Vencedor dos principais prêmios literários do país, Cristovão Tezza lança uma nova edição de Ensaio da paixão, romance de sua juventude, inspirado nos anos em que fez parte de uma comunidade de teatro, e uma sociedade alternativa, lideradada pelo escritor e dramaturgo W. Rio Apa.
Antes de se tornar o renomado romancista, cronista e crítico que é hoje, Cristovão Tezza, durante os anos de 1968 a 1976, fez parte de uma comunidade de teatro, no litoral do Paraná, liderada pelo escritor, dramaturgo e teatrólogo W. Rio Apa (1925-2016). Da rica experiência comunitária, de onde se firmou o seu fascínio pelo mundo artístico e literário, nasceu Ensaio da paixão, romance com fortes traços autobiográficos, lançado originalmente em 1986, e que agora ganha uma nova edição revista pelo autor.
A partir de sua vivência pessoal, Tezza elaborou uma narrativa ficcional e satírica, ambientada nos anos de chumbo da ditadura militar. O romance conta a história de um grupo peculiar – composto por habitantes de uma ilha isolada na região sul do Brasil, a Ilha da Paixão –, que se reúne em torno de um único objetivo: encenar a Paixão de Cristo. Apesar dos choques entre as personalidades de seus integrantes, o excêntrico grupo se prepara para ensaiar e produzir a peça de maneira espontânea, sem seguir nenhum roteiro ao pé da letra, ao mesmo tempo em que gozam da liberdade que a ilha proporciona. Contudo, são vistos pelas autoridades repressoras do país como um grupo subversivo e uma forte ameaça à ordem vigente.
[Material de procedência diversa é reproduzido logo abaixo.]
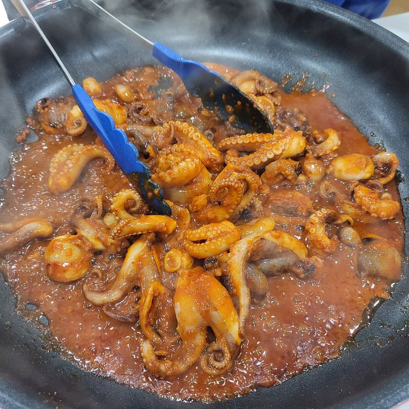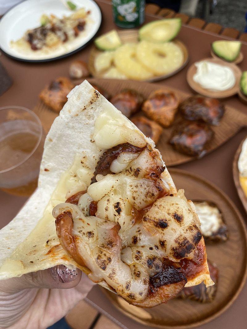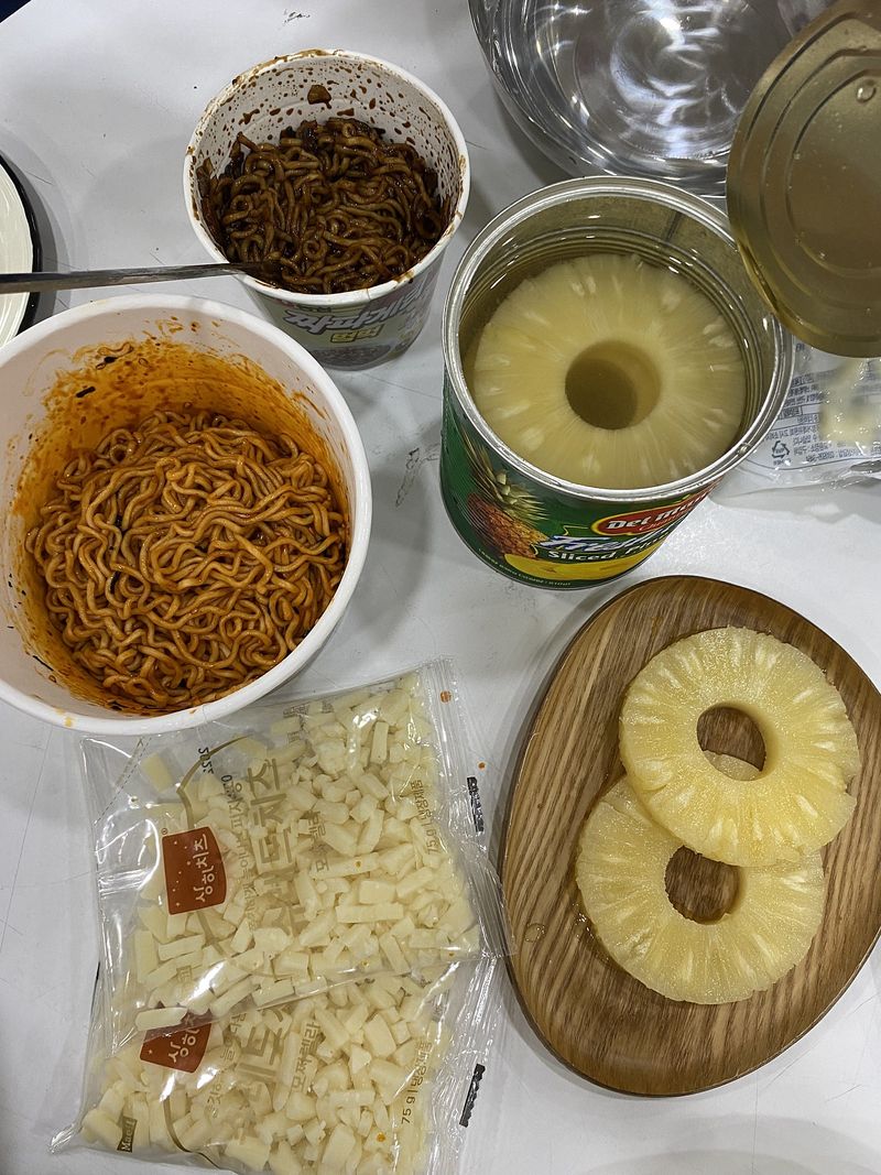 거창한 요리는 아니지만 간편하게 캠핑에서도 홈핑에서도 즐길수 있는 [쭈꾸미 하와이안피자] 와 [쭈꾸미 불닭/짜파쌈] 쭈꾸미를 먼저 지글지글 익혀주고요~. tip.쭈꾸미 쌈을 만들기 위해 다리는 자르지 않고 모양 유지해주세요. 또띠아 한장에 마요네즈 디핑소스를 펴발라 주세요. 쌈으로 먹을 붉닭볶음면과 짜파게티도 완성하고, 맛나게 볶아낸 쭈꾸미를 적당한 크기로 잘라 또띠아 위에 올려주시고 (양념도 같이 펴발라 주시면 좋아요.) 적당히 자른 파인애플을 쭈꾸미 사이사이에 고고! 토치로 파인애플도 익혀주고 쭈꾸미에 불향을 입혀입혀~ 칙칙!! 모짜렐라 치즈를 듬뿍듬뿍 뿌려주세요~ 세팅하고나서 먹기직전에 토치로 치즈를 녹여주어요~파인애플이 쭈꾸미의 매운맛도 잡아주고~ 불향도 굿굿!! 월남쌈~ 쭈꾸미를 넣어 색다르게 만들어 봤어요. 쭈꾸미 다리모양을 그대로 살려 볶아낸 쭈꾸미를 먼저 올리고 한입정도 양의 면을 쭈꾸미 위에 올려주시고 오른쪽- 왼쪽-위-아래 접어주세요.(순서 바뀌어도 무관ㅋㅋㅋㅋ) 비쥬얼 너무 좋고.. 이제 맛있게 먹어주면 됩니다아!!! 쭈꾸미 ~ 불닭볶음면이랑 너무 잘어울리는 궁합이어요. 마시쒀마시쒀~~

Neste romance de sua juventude, Tezza usa o realismo mágico – traço marcante da literatura da época – combinado ao humor explícito, de ritmo acelerado, para dar um exemplo de como funcionavam as comunidades alternativas dos anos 1970 e de como elas eram vistas pelo Estado. A ilha, a formação de um grupo em prol de algo maior que ele próprio, a repressão exercida por um governo autoritário: todos os elementos compõem uma saborosa alegoria de nosso país. Em Ensaio da Paixão, o autor parece compreender, de forma quase catártica, o impacto que seu período na comunidade de Rio Apa teve em sua vida pregressa, quando era apenas um jovem revolucionário e transgressor radical do "sistema", e na sua vida presente, como escritor e literato renomado.
Em um posfácio inédito, escrito especialmente para esta edição, o autor avalia as diferenças culturais entre o momento atual e a época de sua juventude, iluminando certos aspectos do livro. Mas, diferenças à parte, Cristovão Tezza continua o mesmo rebelde de sempre: "[A literatura] é uma experiência pessoal destinada não a ensinar o que o autor sabe, mas para ele mesmo descobrir, pela escrita, o que ainda não sabe, e eventualmente partilhar com o leitor. É uma atividade de risco, um ato de existência e um território livre; ela tem de ser um território livre para fazer sentido."